── Given data
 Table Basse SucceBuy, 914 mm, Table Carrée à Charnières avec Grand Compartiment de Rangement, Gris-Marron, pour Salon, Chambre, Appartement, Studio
────
── Given data
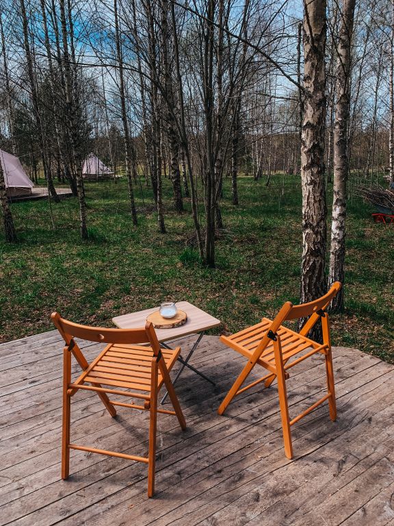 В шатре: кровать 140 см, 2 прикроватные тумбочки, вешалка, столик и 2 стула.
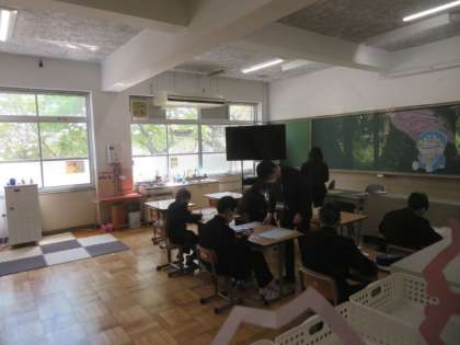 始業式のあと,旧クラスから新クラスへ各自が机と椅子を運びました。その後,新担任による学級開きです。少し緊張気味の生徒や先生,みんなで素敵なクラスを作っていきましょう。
────
> _Exercise details_: The lines above from the line with "В шатре: кровать" through the line with "始業式のあと,旧クラスから新" are to be given again word for word, with no pictures among them.

> _Task response_:
 В шатре: кровать 140 см, 2 прикроватные тумбочки, вешалка, столик и 2 стула.
 始業式のあと,旧クラスから新クラスへ各自が机と椅子を運びました。その後,新担任による学級開きです。少し緊張気味の生徒や先生,みんなで素敵なクラスを作っていきましょう。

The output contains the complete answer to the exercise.